» **Task instructions**
Every entry is to be returned exactly as it stands; the pictures are to be dropped.

((

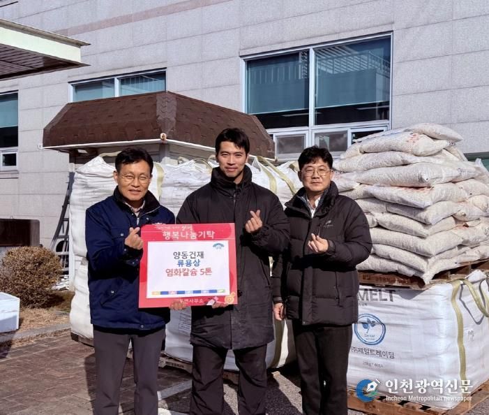 [인천광역신문] 박진 기자 | 양평군 양동면은 지난 19일 양동건재 류용상 씨가 양동면사무소를 방문해 겨울철 제설작업에 사용될 염화칼슘 5톤을 기탁하며 지역사회 안전과 이웃사랑 실천에 동참했다고 밝혔다.
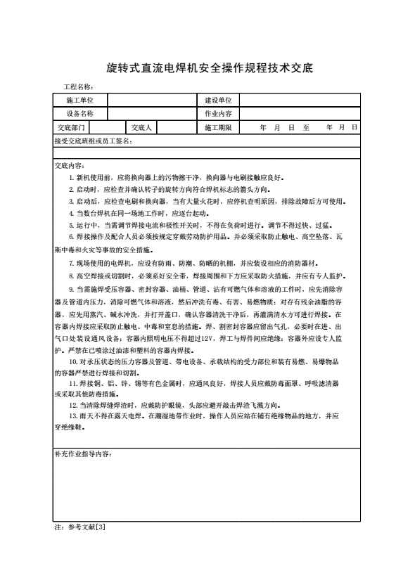 表格名称:旋转式直流电焊机安全操作规程技术交底
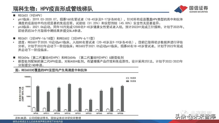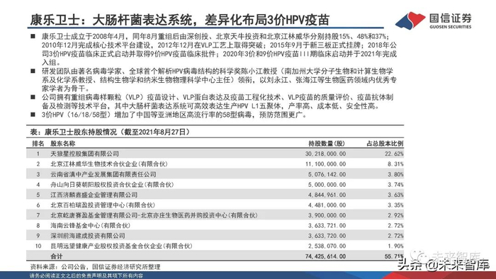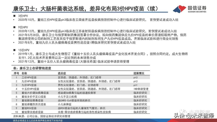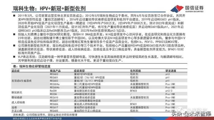 公司拥有病毒样颗粒制备、重读蛋白表达、新型佐剂评估以及病毒载体和mRNA等新型疫苗技术平台,其中重组 蛋白技术平台建立完善,包括大肠杆菌、杆状病毒、酵母和CHO细胞等多个表达系统,可以根据不同蛋白特性、 后修饰加工的要求、高级结构的复杂程度选择合适的表达系统。目前,2价HPV已报产、9价HPV获得ph1临床试验 报告、重组新冠疫苗和重组EV71病毒样颗粒疫苗处于临床前阶段。
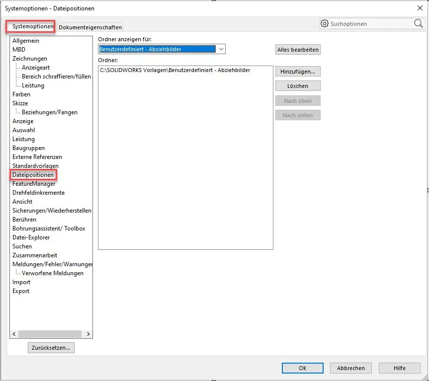 Woher weiß ich auf die Schnelle, wo das Verzeichnis liegt? Fahren Sie dazu mit der Maus einfach im Taskfensterbereich rechts über Abziehbilder und der Pfad wird Ihnen angezeigt.
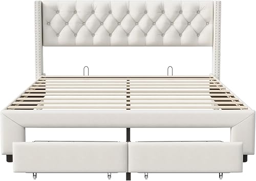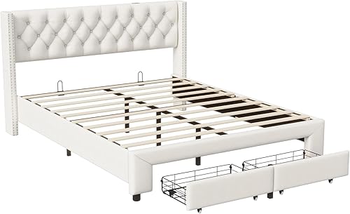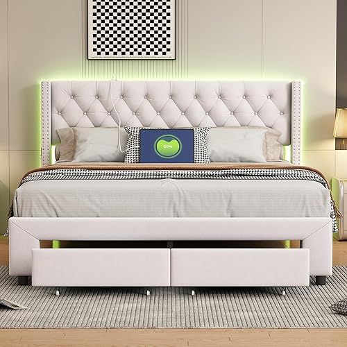 Lit Double 160x200 avec Sommier LED et USB,Lit rembourré avec sommier à Lattes et 2 Tiroirs de Rangement, Lit 2 Personnes pour Adultes et Adolescents (Beige, 160 x 200 cm)
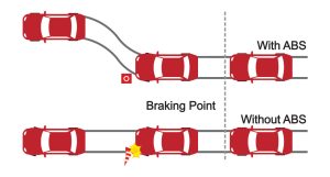Anti-lock braking system helps prevent a braking skids. ABS allows the driver to steer and brake at the same time.
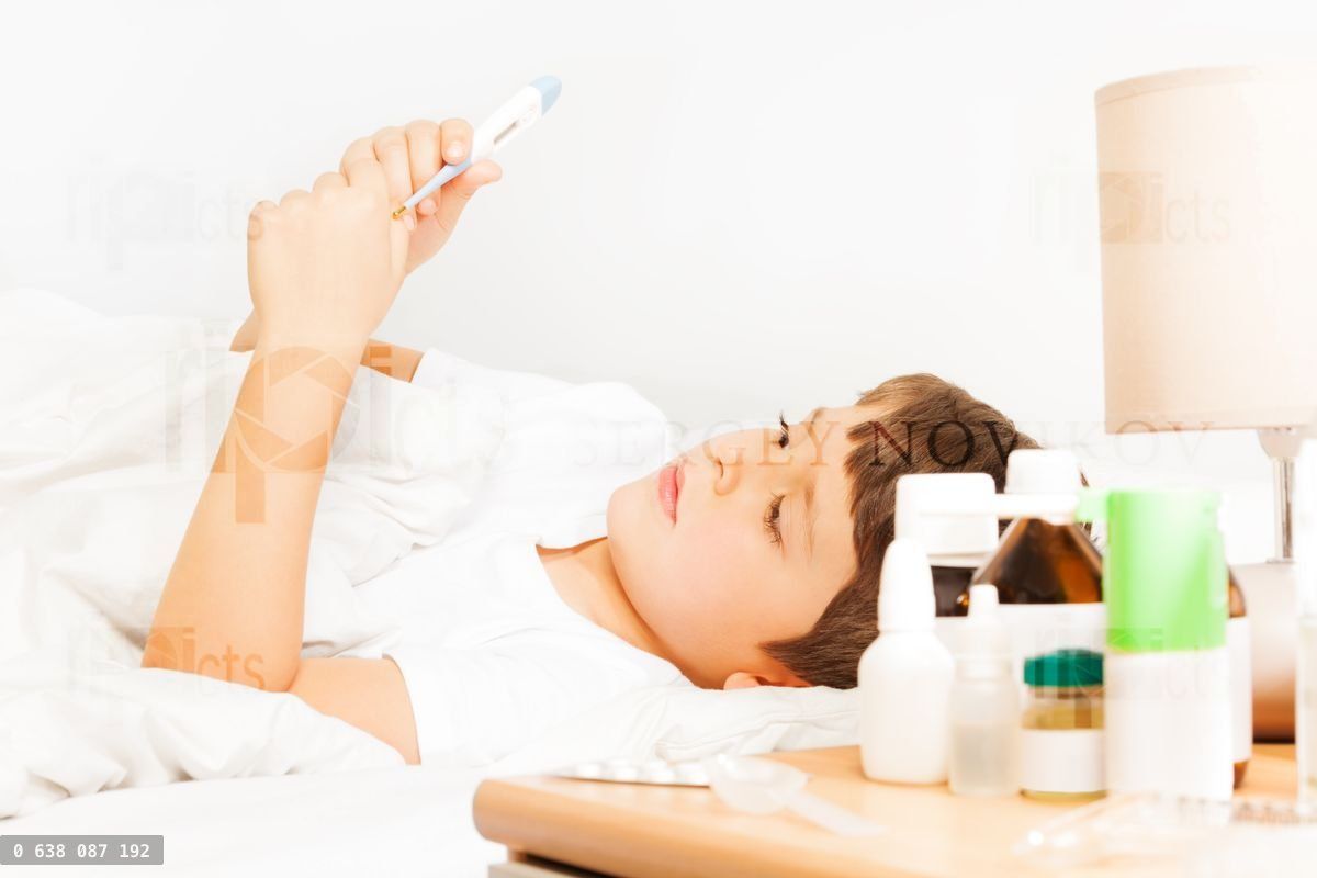 CaucasiankidchildboysickillhealthcareclinichospitalwardbedroomhomelayingcoldchillcatarrhmedsmedicationmedicineremedydrugcuremedicamenttherapeutictemperaturefeverelectronicthermometersicknessillnessfluegrippegripvirusinfectionfluacuterespiratoryviralARVIcopy-spaceblankedtreatmentcheckingpainreliefkidslifestyle
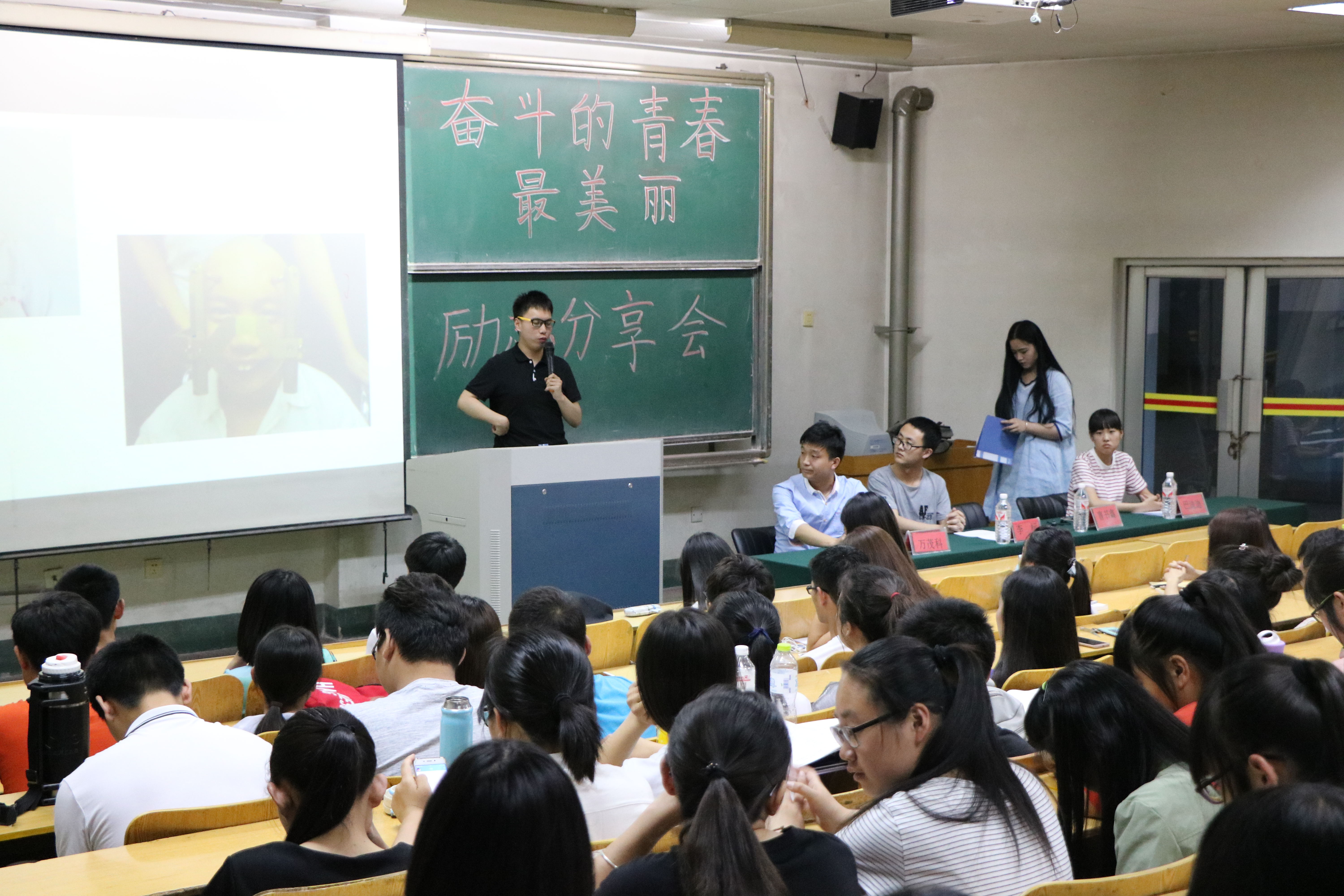会议伊始,主持人张璇清涵宣布此次分享会开始,各位宣讲人依次上台进行宣讲,首先,曹书鑫同学讲述个人经历,命运的捉弄,一场手术使他从此无法用右手写字,自强的他渐渐学会了用左手写字,并勇于战胜自己在学业上的困难。大学里,作为唯一一个走读生,他坚持遵守学校的规章制度,每天按时到校,学习之余,还会通过读书充实自己,最终努力成就出最完美的自己。“我们走的每一步,都有他存在的理由”一句话的结束,使在座所有人掌声不断。随后,李标向我们介绍ACM集训队“以梦为码”为主题,结合自身经历讲述ACM集训代表队的主要活动及其内容,并重要说明在各种学习及比赛中我们要坚持克服种种困难,努力奋斗前行,青春岁月里,唯有奋斗能够充实自己。“奋斗不惜,青春不悔”一直是他坚信的道路,他告诉我们:坚持,奋斗,充实人生,走一段人生最美好的路。紧接着,巴迪迪结合PPT向同学们展示向日葵志愿服务团在行使志愿的道路上所遇到的种种困难,实践条件的艰苦并没有使他们放弃对别人的帮助,而是依然选择一路向前。同时结合自身遇到的经历,讲述一个小孩因为疾病需要救助的事情,通过他们积极的联系义诊,男孩的生命得以救治。人生中遇到的困难很多,但我们要坚信,通过自己的努力定会创造不一样的精彩人生。最后,万茂科学长就自己考研经历作了一番论述,大学四年的实践经历,磨炼了他坚强的意志,成为了如今优秀的自己。他说:“他是幸运的。幸运的过了大学四年,得到了比较优异的成绩。”最终,他告诫在场所有人,要谦虚待人,勇于挑战,坚持不懈,成就属于自己的人生。掌声响起,此次分享会圆满落幕,而我们的人生才刚刚开始。

))

» **Solved problem**
 [인천광역신문] 박진 기자 | 양평군 양동면은 지난 19일 양동건재 류용상 씨가 양동면사무소를 방문해 겨울철 제설작업에 사용될 염화칼슘 5톤을 기탁하며 지역사회 안전과 이웃사랑 실천에 동참했다고 밝혔다.
 表格名称:旋转式直流电焊机安全操作规程技术交底
 公司拥有病毒样颗粒制备、重读蛋白表达、新型佐剂评估以及病毒载体和mRNA等新型疫苗技术平台,其中重组 蛋白技术平台建立完善,包括大肠杆菌、杆状病毒、酵母和CHO细胞等多个表达系统,可以根据不同蛋白特性、 后修饰加工的要求、高级结构的复杂程度选择合适的表达系统。目前,2价HPV已报产、9价HPV获得ph1临床试验 报告、重组新冠疫苗和重组EV71病毒样颗粒疫苗处于临床前阶段。
 Woher weiß ich auf die Schnelle, wo das Verzeichnis liegt? Fahren Sie dazu mit der Maus einfach im Taskfensterbereich rechts über Abziehbilder und der Pfad wird Ihnen angezeigt.
 Lit Double 160x200 avec Sommier LED et USB,Lit rembourré avec sommier à Lattes et 2 Tiroirs de Rangement, Lit 2 Personnes pour Adultes et Adolescents (Beige, 160 x 200 cm)
Anti-lock braking system helps prevent a braking skids. ABS allows the driver to steer and brake at the same time.
 CaucasiankidchildboysickillhealthcareclinichospitalwardbedroomhomelayingcoldchillcatarrhmedsmedicationmedicineremedydrugcuremedicamenttherapeutictemperaturefeverelectronicthermometersicknessillnessfluegrippegripvirusinfectionfluacuterespiratoryviralARVIcopy-spaceblankedtreatmentcheckingpainreliefkidslifestyle
会议伊始,主持人张璇清涵宣布此次分享会开始,各位宣讲人依次上台进行宣讲,首先,曹书鑫同学讲述个人经历,命运的捉弄,一场手术使他从此无法用右手写字,自强的他渐渐学会了用左手写字,并勇于战胜自己在学业上的困难。大学里,作为唯一一个走读生,他坚持遵守学校的规章制度,每天按时到校,学习之余,还会通过读书充实自己,最终努力成就出最完美的自己。“我们走的每一步,都有他存在的理由”一句话的结束,使在座所有人掌声不断。随后,李标向我们介绍ACM集训队“以梦为码”为主题,结合自身经历讲述ACM集训代表队的主要活动及其内容,并重要说明在各种学习及比赛中我们要坚持克服种种困难,努力奋斗前行,青春岁月里,唯有奋斗能够充实自己。“奋斗不惜,青春不悔”一直是他坚信的道路,他告诉我们:坚持,奋斗,充实人生,走一段人生最美好的路。紧接着,巴迪迪结合PPT向同学们展示向日葵志愿服务团在行使志愿的道路上所遇到的种种困难,实践条件的艰苦并没有使他们放弃对别人的帮助,而是依然选择一路向前。同时结合自身遇到的经历,讲述一个小孩因为疾病需要救助的事情,通过他们积极的联系义诊,男孩的生命得以救治。人生中遇到的困难很多,但我们要坚信,通过自己的努力定会创造不一样的精彩人生。最后,万茂科学长就自己考研经历作了一番论述,大学四年的实践经历,磨炼了他坚强的意志,成为了如今优秀的自己。他说:“他是幸运的。幸运的过了大学四年,得到了比较优异的成绩。”最终,他告诫在场所有人,要谦虚待人,勇于挑战,坚持不懈,成就属于自己的人生。掌声响起,此次分享会圆满落幕,而我们的人生才刚刚开始。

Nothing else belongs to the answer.